→ COLLECTED DATA
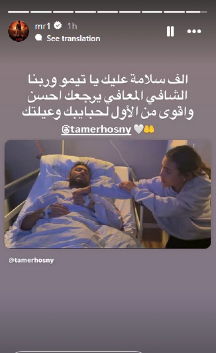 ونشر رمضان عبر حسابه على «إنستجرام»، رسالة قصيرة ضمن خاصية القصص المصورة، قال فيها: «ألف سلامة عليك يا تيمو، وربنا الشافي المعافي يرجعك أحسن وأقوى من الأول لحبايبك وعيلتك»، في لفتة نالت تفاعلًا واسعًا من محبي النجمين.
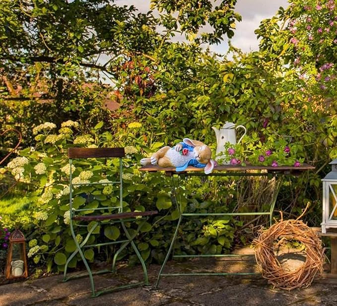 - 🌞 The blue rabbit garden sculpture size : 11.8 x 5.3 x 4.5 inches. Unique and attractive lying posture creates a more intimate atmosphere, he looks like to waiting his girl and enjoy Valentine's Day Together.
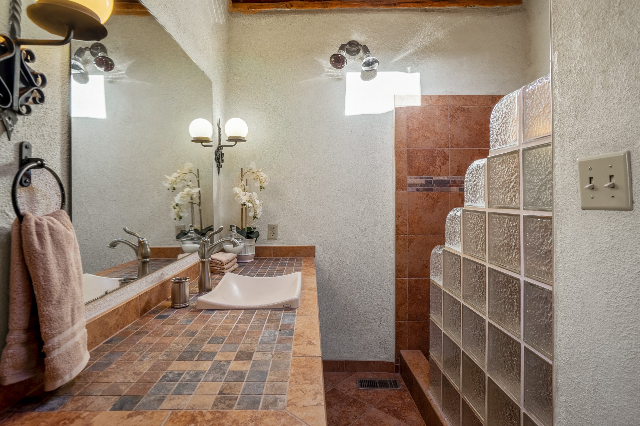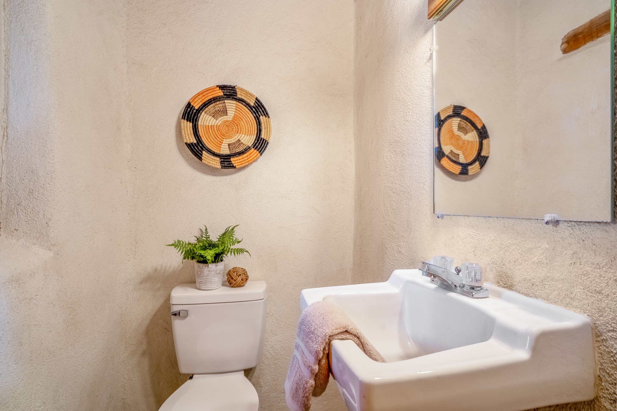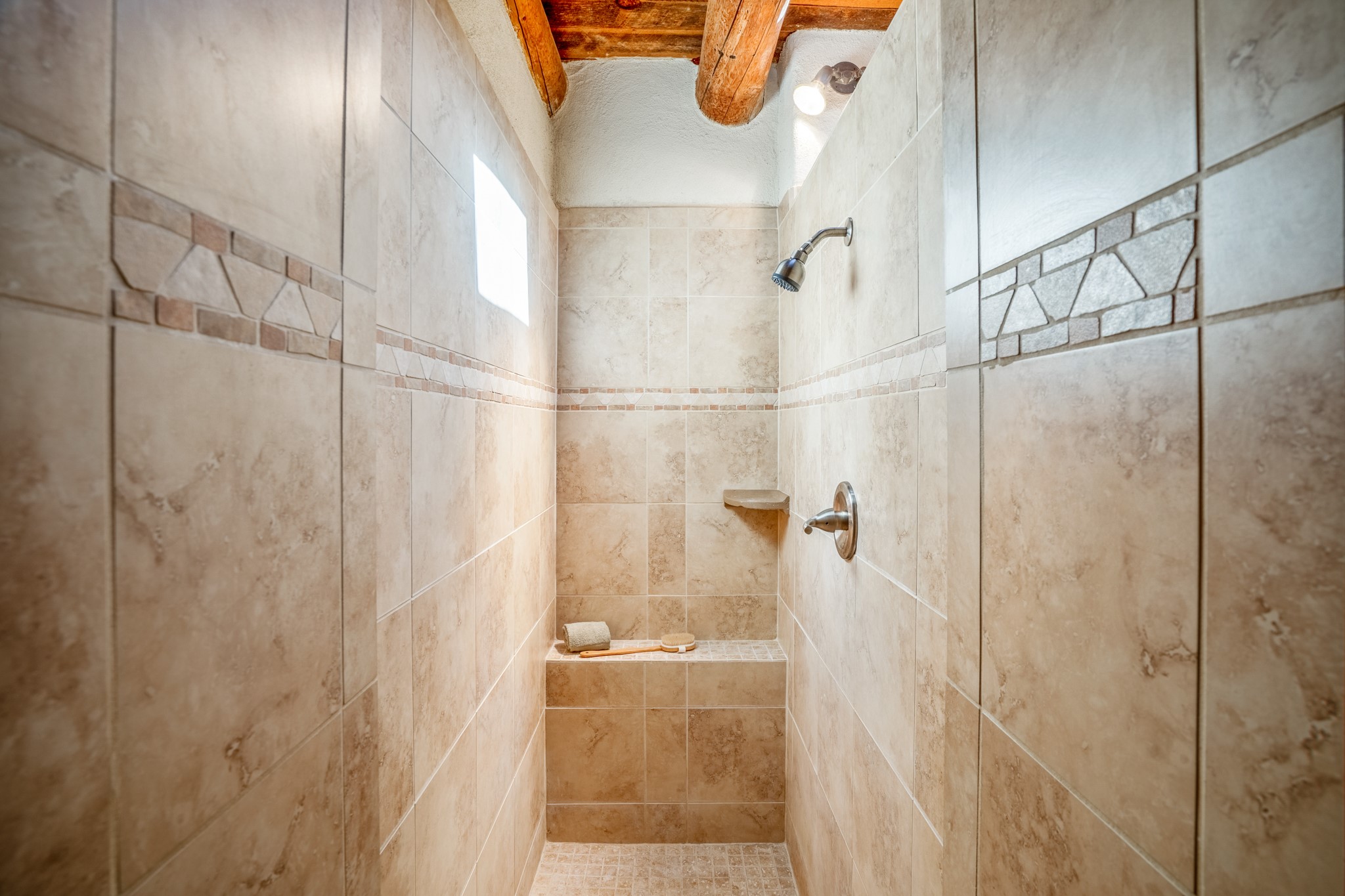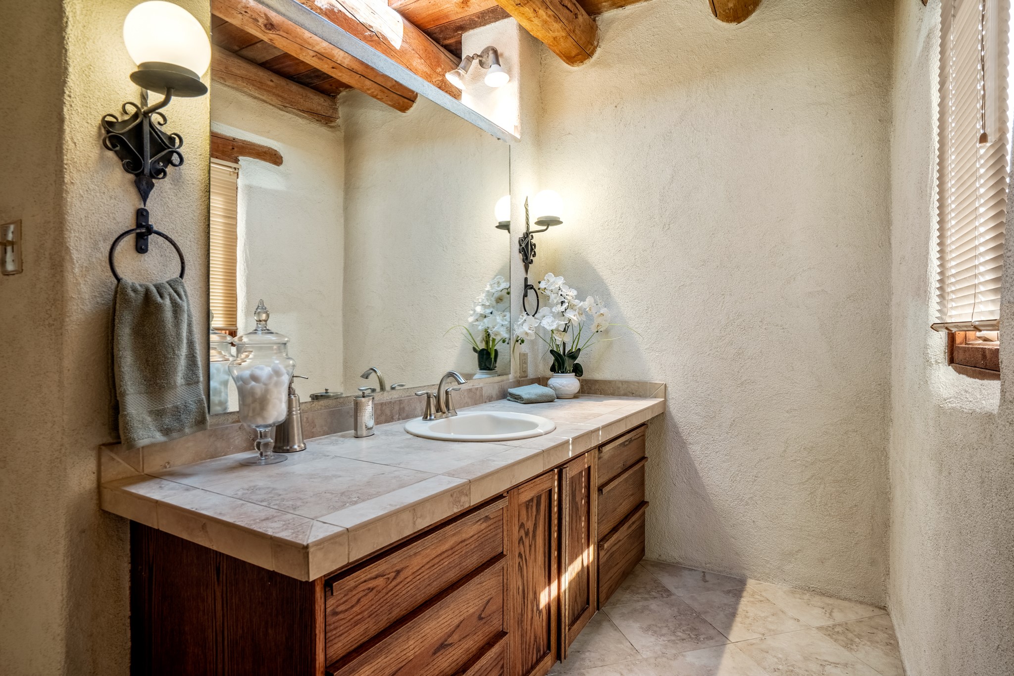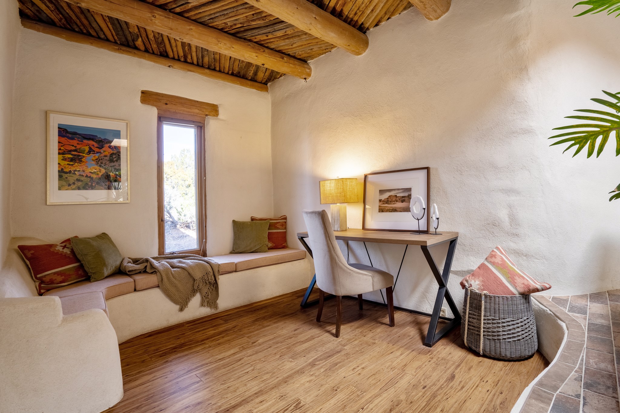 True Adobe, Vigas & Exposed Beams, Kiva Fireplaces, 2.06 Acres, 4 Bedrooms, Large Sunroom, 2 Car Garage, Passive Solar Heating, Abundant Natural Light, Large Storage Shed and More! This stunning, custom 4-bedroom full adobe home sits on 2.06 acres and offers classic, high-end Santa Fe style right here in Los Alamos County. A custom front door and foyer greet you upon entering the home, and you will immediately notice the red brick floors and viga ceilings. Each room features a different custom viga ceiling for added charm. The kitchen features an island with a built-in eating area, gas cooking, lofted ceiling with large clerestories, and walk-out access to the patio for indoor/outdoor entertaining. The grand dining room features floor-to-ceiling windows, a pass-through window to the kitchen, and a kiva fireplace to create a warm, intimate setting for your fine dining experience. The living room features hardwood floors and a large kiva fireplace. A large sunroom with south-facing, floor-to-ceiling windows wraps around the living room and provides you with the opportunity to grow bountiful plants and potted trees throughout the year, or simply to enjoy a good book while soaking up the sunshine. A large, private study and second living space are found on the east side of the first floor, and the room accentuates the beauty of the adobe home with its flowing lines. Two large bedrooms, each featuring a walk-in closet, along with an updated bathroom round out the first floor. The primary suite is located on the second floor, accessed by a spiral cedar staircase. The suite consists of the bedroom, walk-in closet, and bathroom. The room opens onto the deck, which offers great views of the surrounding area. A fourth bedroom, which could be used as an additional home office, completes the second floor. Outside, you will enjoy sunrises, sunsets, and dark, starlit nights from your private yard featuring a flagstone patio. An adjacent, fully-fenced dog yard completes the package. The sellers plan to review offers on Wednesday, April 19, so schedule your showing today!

→ THE TASK
Pictures stay out of the copy; print the material above exactly.

→ ANSWER FOR THIS EXERCISE
 ونشر رمضان عبر حسابه على «إنستجرام»، رسالة قصيرة ضمن خاصية القصص المصورة، قال فيها: «ألف سلامة عليك يا تيمو، وربنا الشافي المعافي يرجعك أحسن وأقوى من الأول لحبايبك وعيلتك»، في لفتة نالت تفاعلًا واسعًا من محبي النجمين.
 - 🌞 The blue rabbit garden sculpture size : 11.8 x 5.3 x 4.5 inches. Unique and attractive lying posture creates a more intimate atmosphere, he looks like to waiting his girl and enjoy Valentine's Day Together.
 True Adobe, Vigas & Exposed Beams, Kiva Fireplaces, 2.06 Acres, 4 Bedrooms, Large Sunroom, 2 Car Garage, Passive Solar Heating, Abundant Natural Light, Large Storage Shed and More! This stunning, custom 4-bedroom full adobe home sits on 2.06 acres and offers classic, high-end Santa Fe style right here in Los Alamos County. A custom front door and foyer greet you upon entering the home, and you will immediately notice the red brick floors and viga ceilings. Each room features a different custom viga ceiling for added charm. The kitchen features an island with a built-in eating area, gas cooking, lofted ceiling with large clerestories, and walk-out access to the patio for indoor/outdoor entertaining. The grand dining room features floor-to-ceiling windows, a pass-through window to the kitchen, and a kiva fireplace to create a warm, intimate setting for your fine dining experience. The living room features hardwood floors and a large kiva fireplace. A large sunroom with south-facing, floor-to-ceiling windows wraps around the living room and provides you with the opportunity to grow bountiful plants and potted trees throughout the year, or simply to enjoy a good book while soaking up the sunshine. A large, private study and second living space are found on the east side of the first floor, and the room accentuates the beauty of the adobe home with its flowing lines. Two large bedrooms, each featuring a walk-in closet, along with an updated bathroom round out the first floor. The primary suite is located on the second floor, accessed by a spiral cedar staircase. The suite consists of the bedroom, walk-in closet, and bathroom. The room opens onto the deck, which offers great views of the surrounding area. A fourth bedroom, which could be used as an additional home office, completes the second floor. Outside, you will enjoy sunrises, sunsets, and dark, starlit nights from your private yard featuring a flagstone patio. An adjacent, fully-fenced dog yard completes the package. The sellers plan to review offers on Wednesday, April 19, so schedule your showing today!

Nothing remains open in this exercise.